SUPPLIED MATERIAL
━━━━━━━━━━━━━━━━

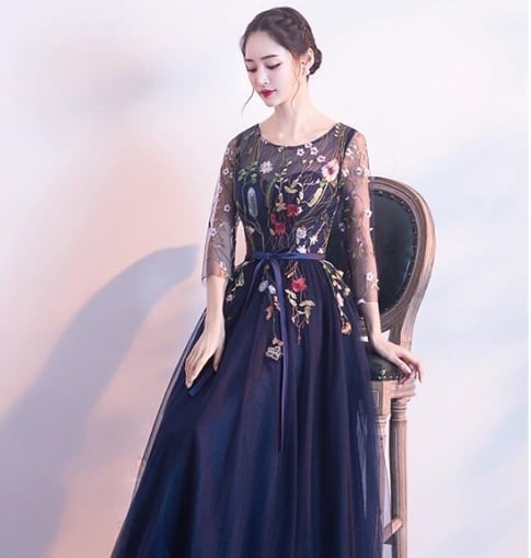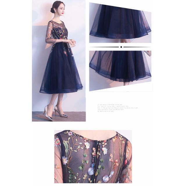 花刺繍ミモレ丈チュ-ルパ-ティ-ドレスです。深いネイビ-のサテン地の上に、ネイビ-の花刺繍をほどこしたチュ-ルが重ねられた豪華でフェミニンなデザイン。デコルテラインから肩にかけての透け感が大人の雰囲気を醸し出し、シックで上品な女性を表現。パーティやイベント、コンサート、結婚式にと、さまざまシーンで活躍してくれる美しい一着。背中ファスナー有。胸パット付。
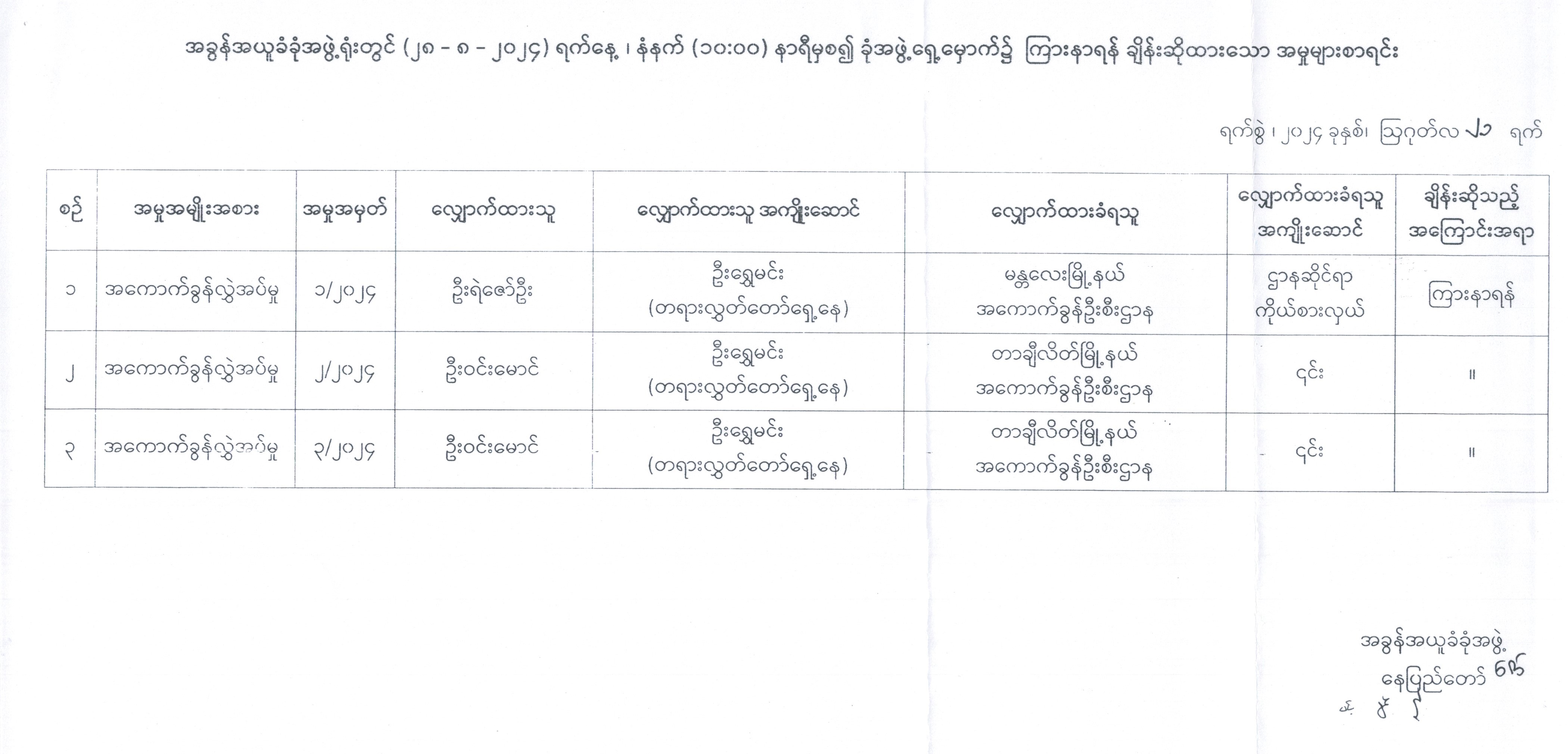 အခွန်အယူခံခုံအဖွဲ့ရုံးတွင် (၂၈-၈-၂၀၂၄) ရက်နေ့၊ နံနက်(၁၀:၀၀) နာရီမှစ၍ ခုံအဖွဲ့ရှေ့မှောက်၌ ကြားနာရန် ချိန်းဆိုထားသော အမှုများစာရင်း
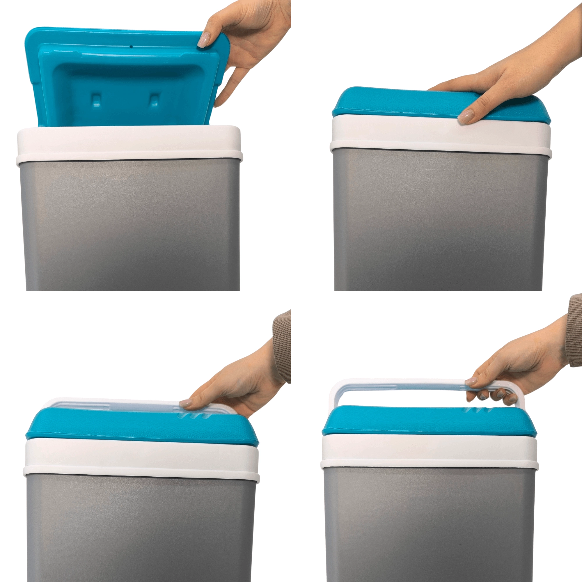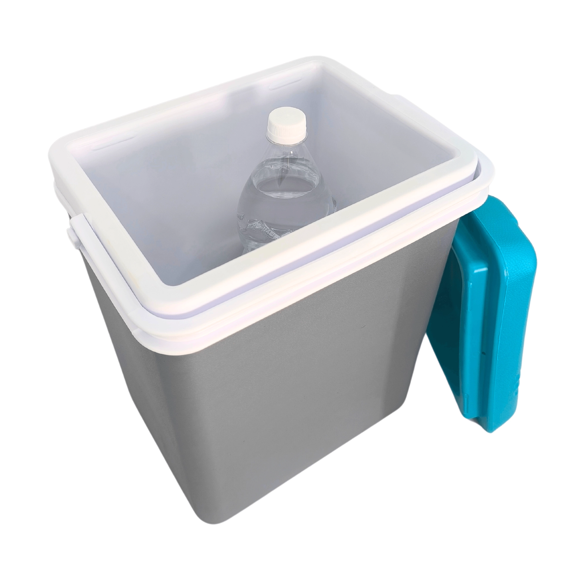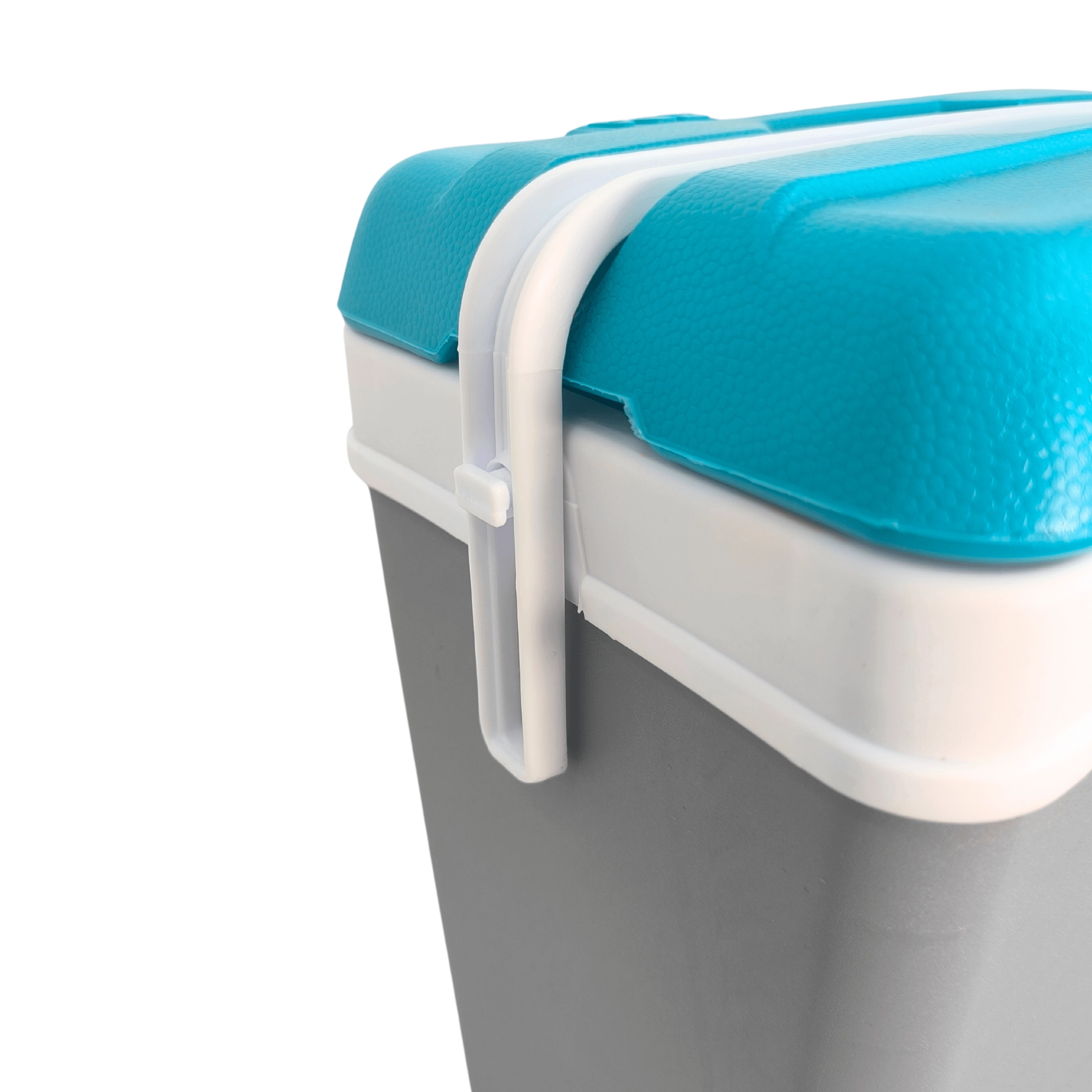 - Grijs met witte handgreep en turquoise deksel
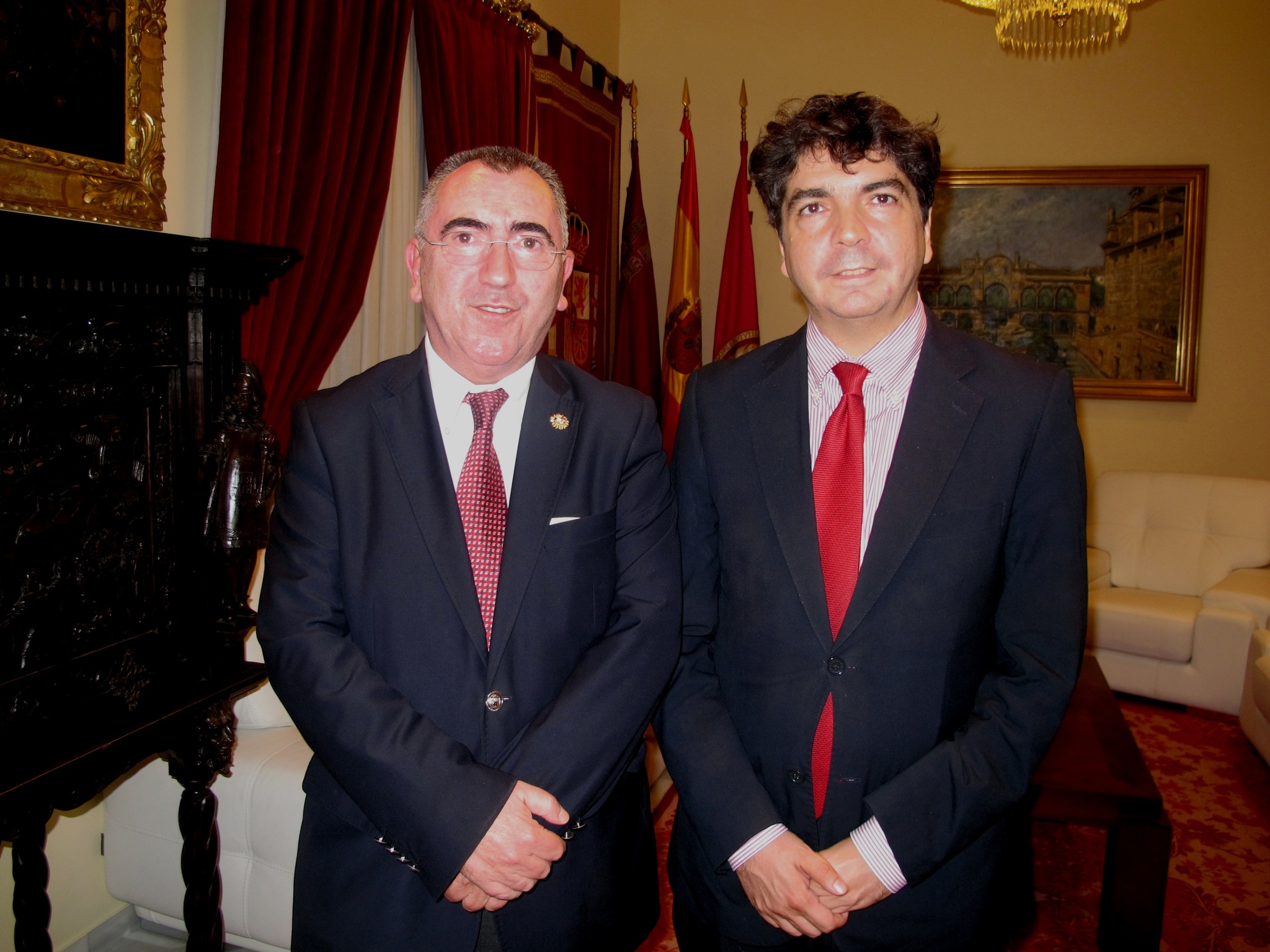 El consejero de Fomento, Obras Públicas y Ordenación del Territorio, Manuel Campos, y el subsecretario de Fomento, Mario Garcés, tras la firma del acuerdo de la Comisión Bilateral relativo al Área de Regeneración y Renovación Urbana de Lorca, que prevé una actuación en un total de 409 viviendas, de las que 335 viviendas consistirán en obras de rehabilitación y 74 viviendas de reconstrucción.

━━━━━━━━━━━━━━━━

WHAT THE TASK REQUIRES
Reproduce word for word, with pictures dropped, only the part of the material above that opens with the line containing "အခွန်အယူခံခုံအဖွဲ့ရုံးတွင် (၂၈-၈-၂၀၂၄) ရက်နေ့၊" and closes with the line containing "- Grijs met".

TASK OUTPUT
 အခွန်အယူခံခုံအဖွဲ့ရုံးတွင် (၂၈-၈-၂၀၂၄) ရက်နေ့၊ နံနက်(၁၀:၀၀) နာရီမှစ၍ ခုံအဖွဲ့ရှေ့မှောက်၌ ကြားနာရန် ချိန်းဆိုထားသော အမှုများစာရင်း
 - Grijs met witte handgreep en turquoise deksel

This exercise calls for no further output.